Suppose that we have n available registers: r1, r2,..., rn. If we view each register as a different color, then the register allocation problem for the interference graph is equivalent to the graph coloring problem where we try to assign one of the n different colors to graph nodes so that no two adjacent nodes have the same color. This algorithm is used in map drawing where we have countries or states on the map and we want to color them using a small fixed number of colors so that states that have a common border are not painted with the same color. The graph in this case has one node for each state and an edge between two states if they have common borders.
The register allocation algorithm uses a stack of graph nodes to insert all nodes of the interference graph one at a time. Each time it selects a node that has fewer than n neighbors (adjacent nodes).
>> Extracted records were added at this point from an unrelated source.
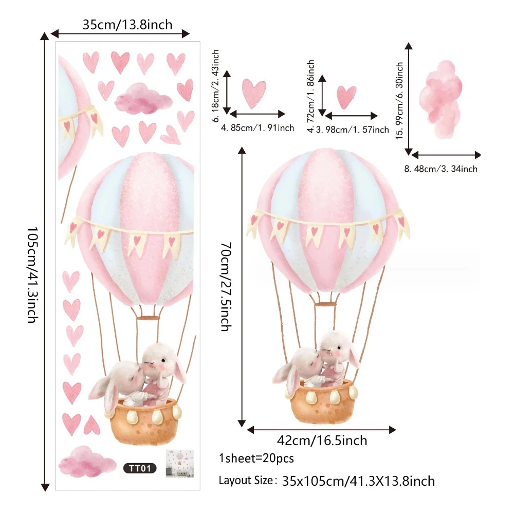 Pink Bunny Hot Air Balloon Wall Stickers: Kids Room & Nursery Decals 1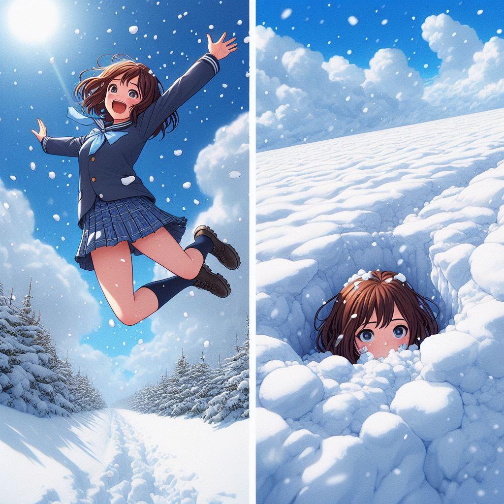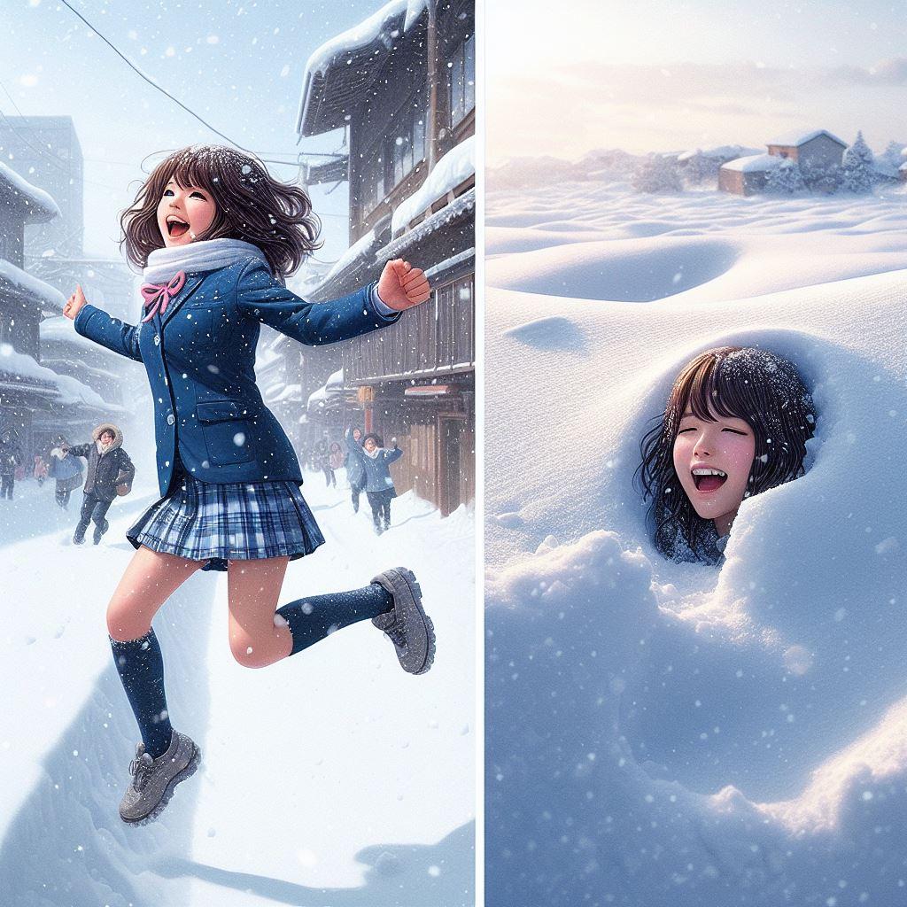 雪が降ったばかりの一面の新雪。飛び込みたくなりますよね。そして、埋まる。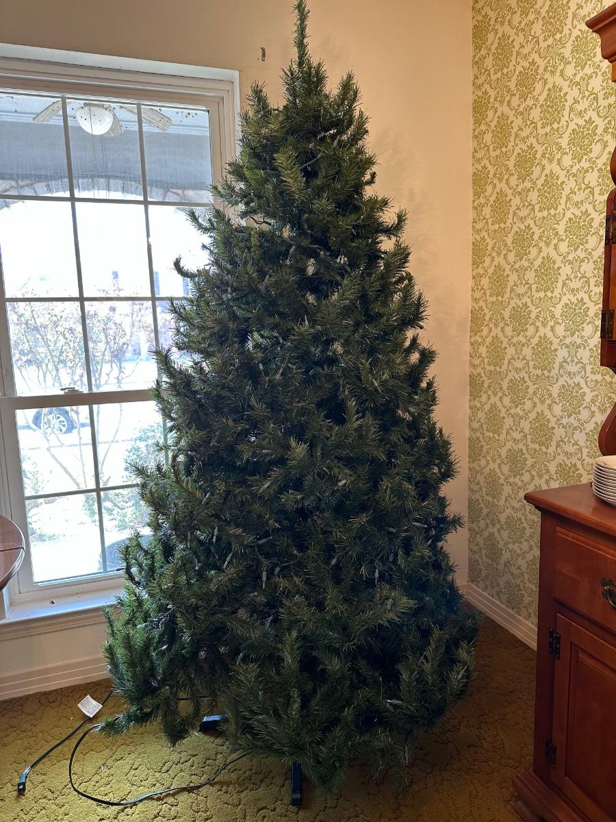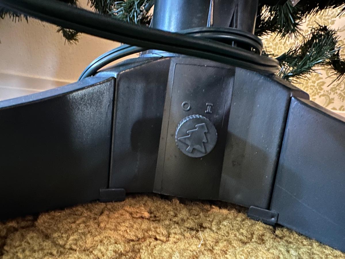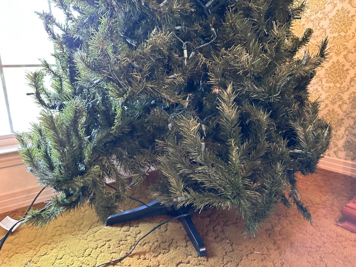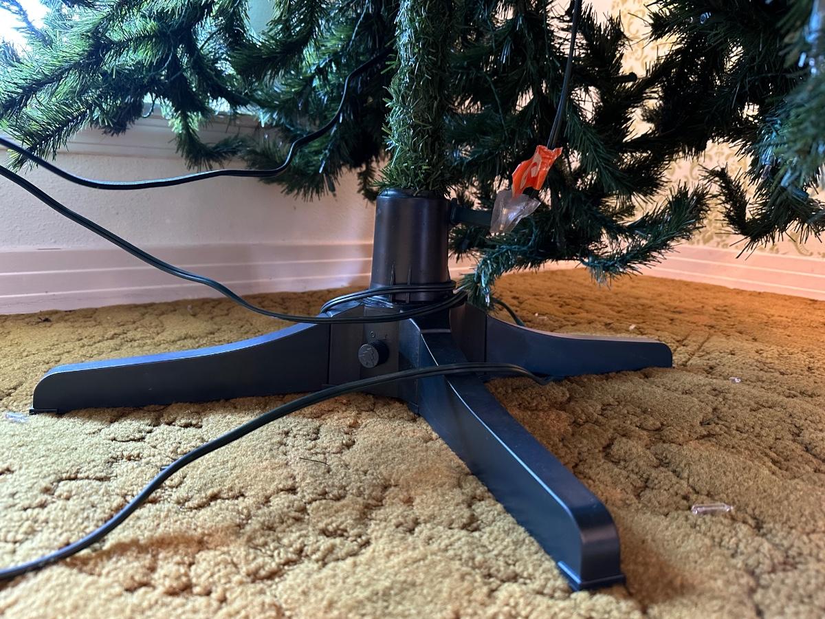 The 7’ foot tree sits on a 360 degree rotating Christmas tree stand.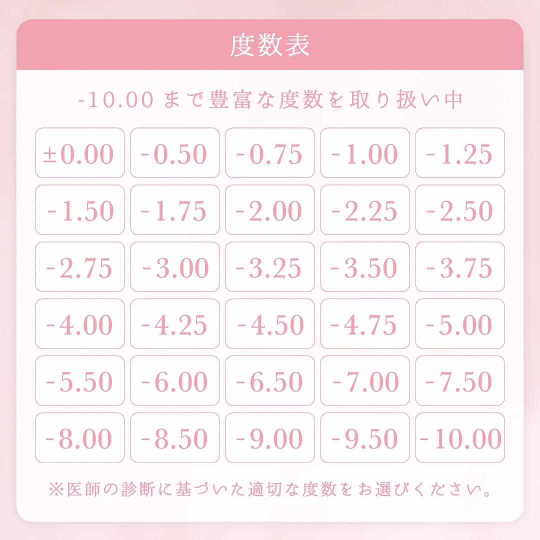 | 度数(PWR) | ±0.00D -0.50D~-5.00D(0.25Dステップ) -5.50D~-10.00D(0.50Dステップ) |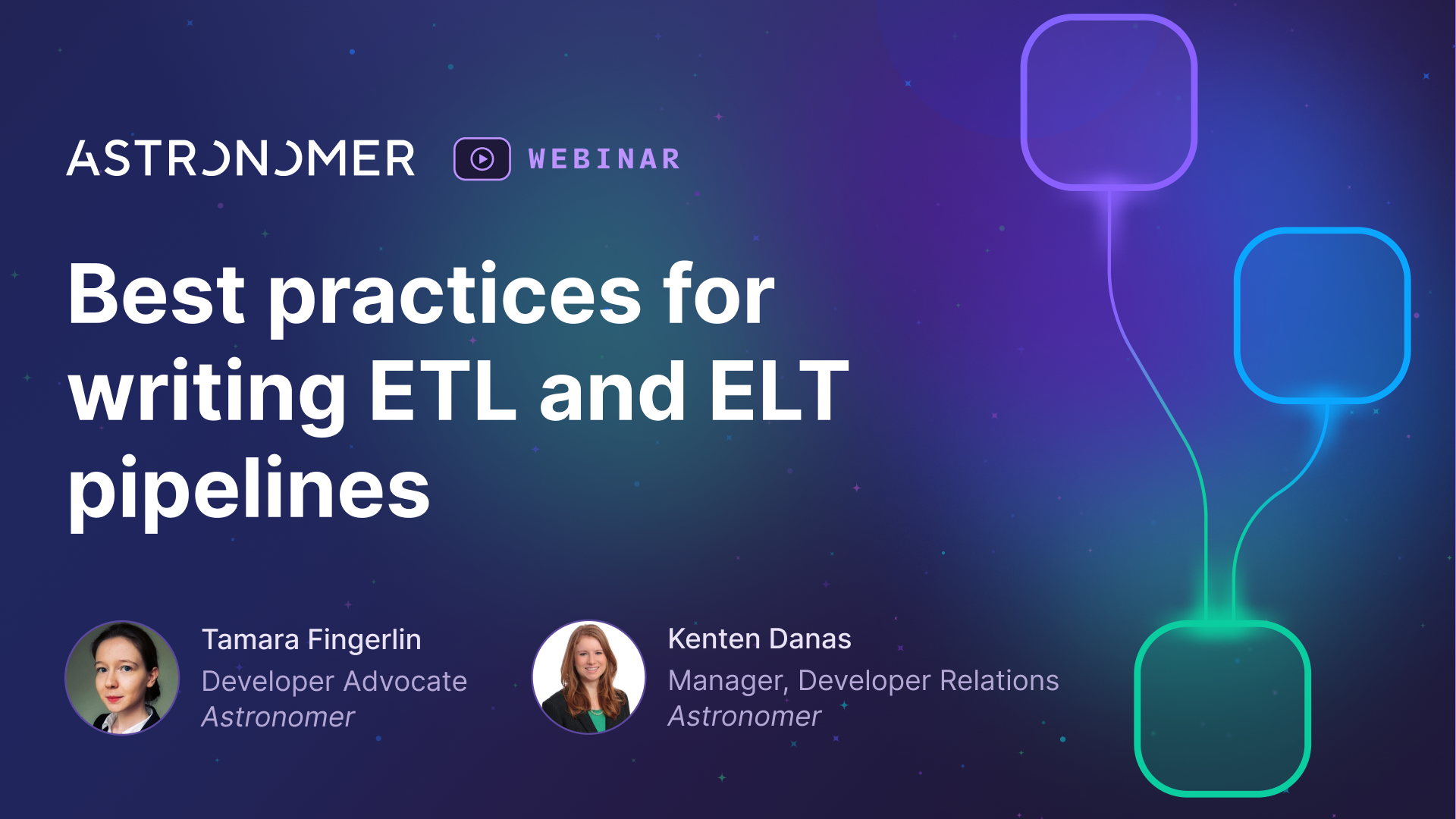 In this webinar, we’ll cover DAG writing best practices applicable to ETL and ELT pipelines, including things like how to approach building ETL and ELT pipelines from scratch.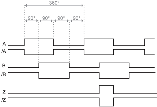 Так же каждый канал энкодера может иметь по два электрических сигнала и в итоге типовой набор сигналов выглядит так: А, /А, B, /B, Z, /Z, («/» - графически рисуется над соответствующей буквой и означает отрицание).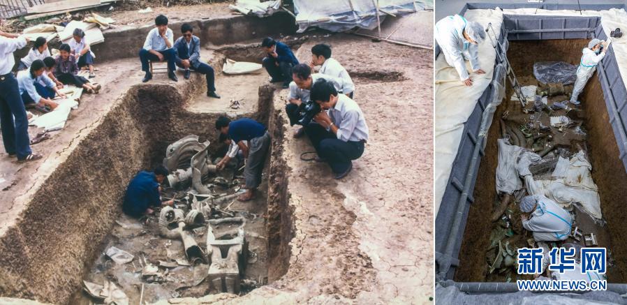 这是一张拼版图片:左图为1986年,工作人员在三星堆遗址考古发掘现场2号“祭祀坑”内清理文物(考古学家陈德安供图);右图为3月10日,在三星堆遗址考古发掘现场,考古人员在3号“祭祀坑”内工作(新华社记者 沈伯韩 摄)。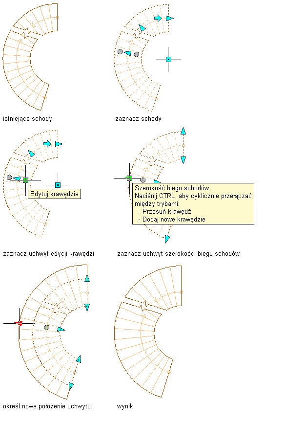 - Kliknięcie uchwytu Szerokość biegu schodów i naciśnięcie klawisza Ctrl spowoduje zachowanie punktu środkowego schodów oraz uchwytów zewnętrznych. W ten sposób ulega zmianie kształt schodów.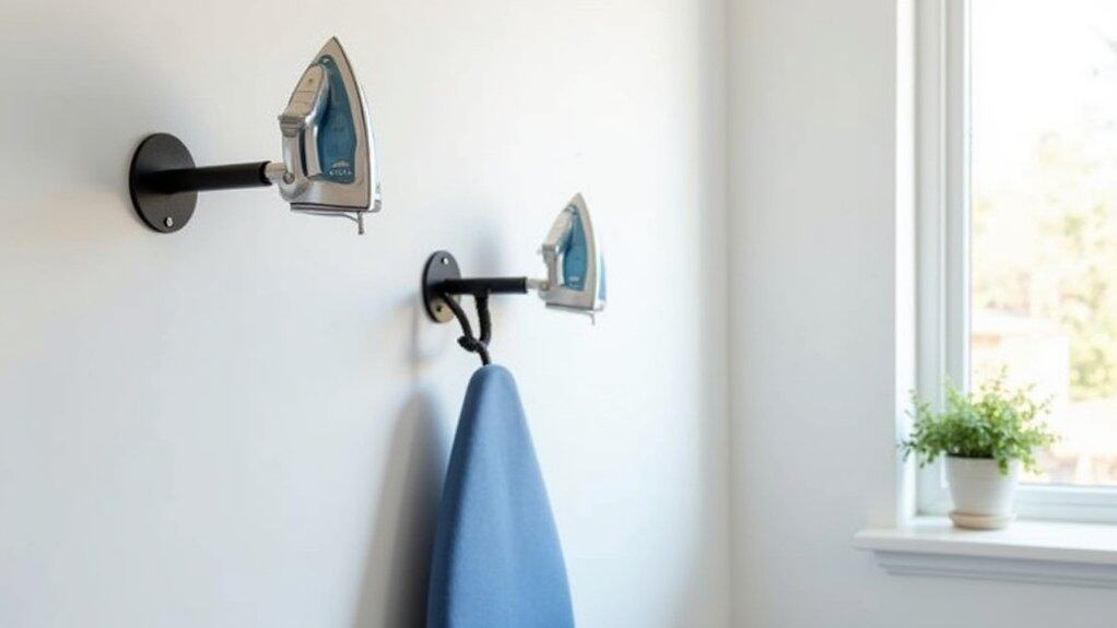 Mounting ironing board hooks is a practical way to keep your laundry room organized and free up floor space. Start by selecting a sturdy hook or bracket system that can support the weight of your ironing board, guaranteeing it is designed for wall mounting. Choose a convenient location on the wall, ideally near your ironing area, and use a stud finder to locate a secure spot for installation.
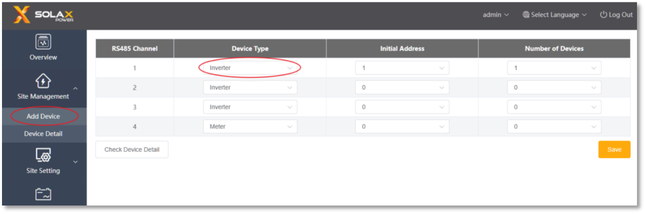 2. Aggiungere il tipo e la quantità di inverter corretti tramite "Aggiungi dispositivo"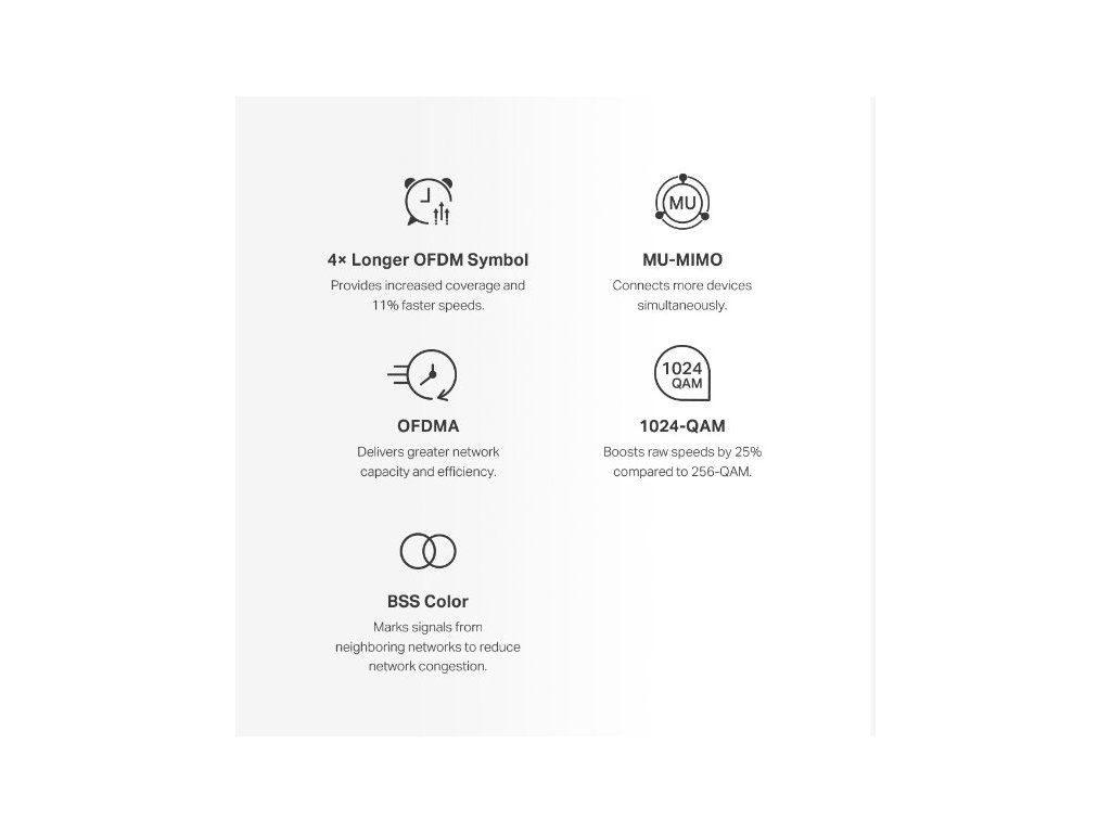 - Citlivosť príjmu: 2,4 GHz (11g 6 Mb/s: -96,5 dBm, 11g 54 Mb/s: -78 dBm), 5 GHz (11a 6 Mb/s: -96 dBm, 11a 54 Mb/s: -78 dBm, 11ac VHT20 MCS8:- 74.5 dBm, 11ac VHT40 MCS9: -70,5 dBm, 11ac VHT80 MCS9: -66,5 dBm, 11ax HE20 MCS11: -66 dBm, 11ax HE40 MCS11: -63 dBm, 11ax HE80 MCS11: -61 dBm)
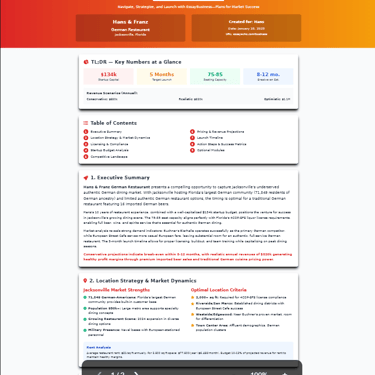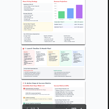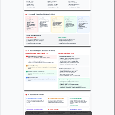 Unlike generic templates, this tool uses AI-driven research and strategy frameworks. Your plan is built around your exact answers and location, producing a branded PDF with financial projections, compliance steps, and launch action items.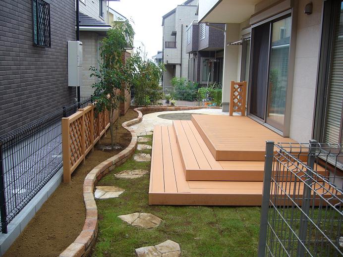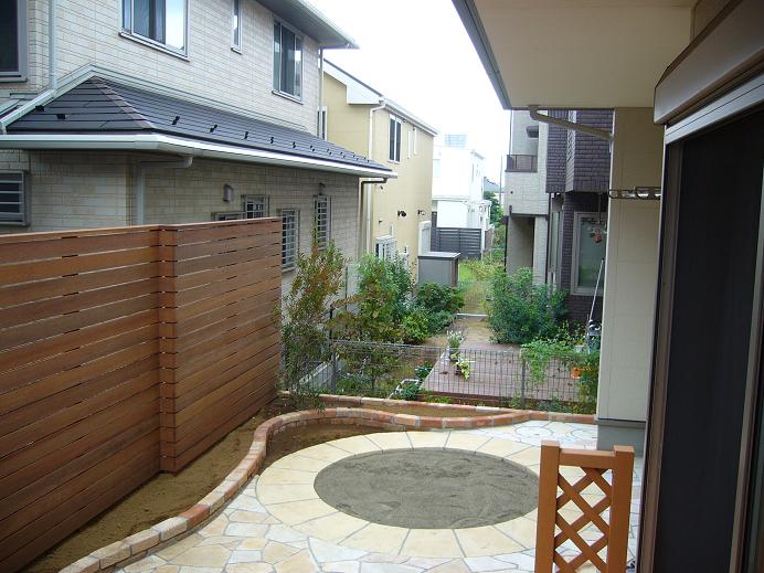 ウリン材で目隠しフェンス、レンガを曲線で積み花壇をつくり高さをだして、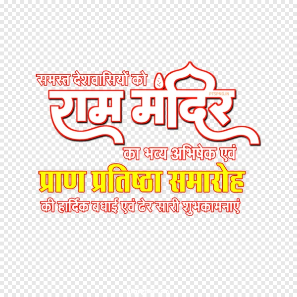 Celebrate the historic Ram Mandir consecration! Download this stunning, high-quality PNG image for free. Perfect for social media posts, event invitations, website graphics, and expressing your devotion. Featuring vibrant red and white text in Hindi, this design conveys heartfelt congratulations for the Pran Pratishtha ceremony. Get your free download now and share the joy!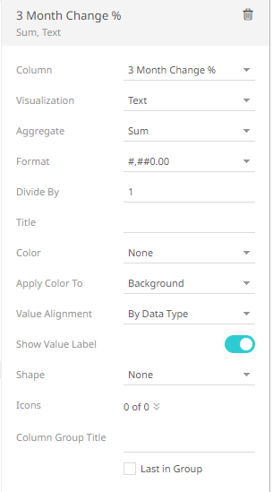 This Table visualization is showing the grouping of the columns based on the breakdown hierarchy with 3 Month Change %’s aggregate set to Sum.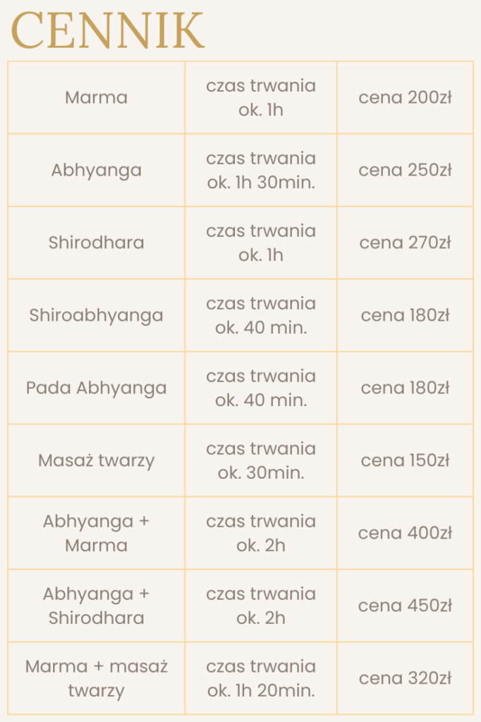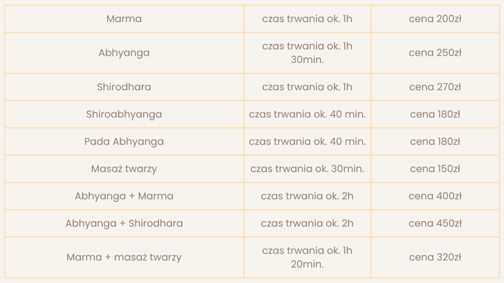 Abhyanga – Abhyanga to masaż całego ciała z użyciem oleju. Poprawia krążenie i głęboko relaksuje. Przywraca w ciele równowagę energetyczną i łagodzi stres. Rewitalizuje i odżywia skórę, poprawiając jej kondycję. Oczyszcza cały organizm i pozwala mu się regenerować.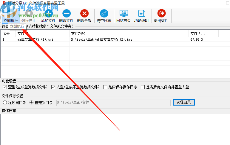 6.最后一步我们选择好文件的输出储存路径之后,点击界面左上角的立即执行这个功能按钮就可以开始执行查重去重操作了。
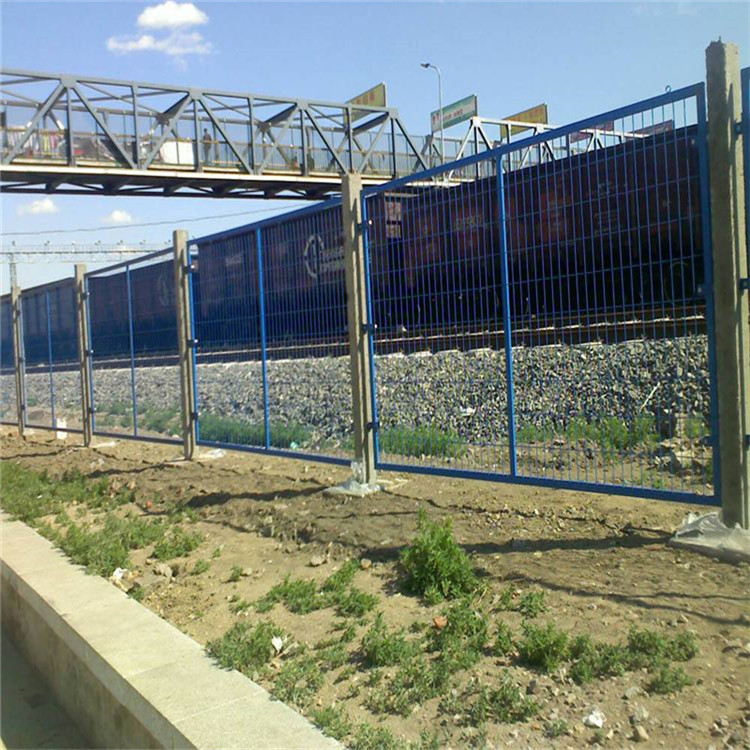 3、鐵路護(hù)欄網(wǎng)的規(guī)格材質(zhì):195低碳冷拔鋼絲。 4、護(hù)欄的立柱采用混凝土澆筑件,工程造價(jià)低。

The idea is that if we can color the graph after we remove this node, then of course we can color the original graph (with the node included) because the neighbors of this node can have n - 1 different colors in the worst case; so we can just assign the available nth color to the node. This is called simplification of the graph. Each selected node is pushed in the stack. Sometimes though we cannot simplify any further because all nodes have n or more neighbors. In that case we select one node (ie. variable) to be spilled into memory instead of assigning a register to it. This is called spilling and the spilled victim can be selected based on priorities (eg. which variable is used less frequently, is it outside a loop, etc). The spilled node is also pushed on the stack. When the graph is completely reduced (and all nodes have been pushed in the stack), we pop the stack one node at a time, we rebuild the interference graph and at the same time we assign a color to the popped-out node so that its color is different from the colors of its neighbors. This is called the selection phase. If we can't assign a color to a node, we spill out the node into memory (a node selected to be spilled out during the spill phase does not necessarily mean that it will actually spilled into memory at the end). If there are spilled nodes, we use a memory access for each spilled variable (eg. we use the frame location $fp-24 to store the spilled temporary variable and we replace all occurrences of this variable in the program with M[$fp-24]). Then we restart the whole process (the building of the interference graph, simplification, etc) from the beginning. Figures 11.1-11.3 on page 237 give an example of this method.
Consider the following interference graph from the previous section:
The nodes are pushed in the stack in the order of xvuzyw. Then, at the selection phase, xyzwuv variables are assigned the registers R0R2R1R0R1R0.
If there is a move instruction in a program (ie. an assignment of the
form a:=b) and there is no conflict between a and
b, then it is a good idea to use the same register for both
a and b so that you can remove the move instruction
entirely from the program. In fact you can just merge the graph nodes
for a and b in the graph into one node. That way nodes
are now labeled by sets of variables, instead of just one variable.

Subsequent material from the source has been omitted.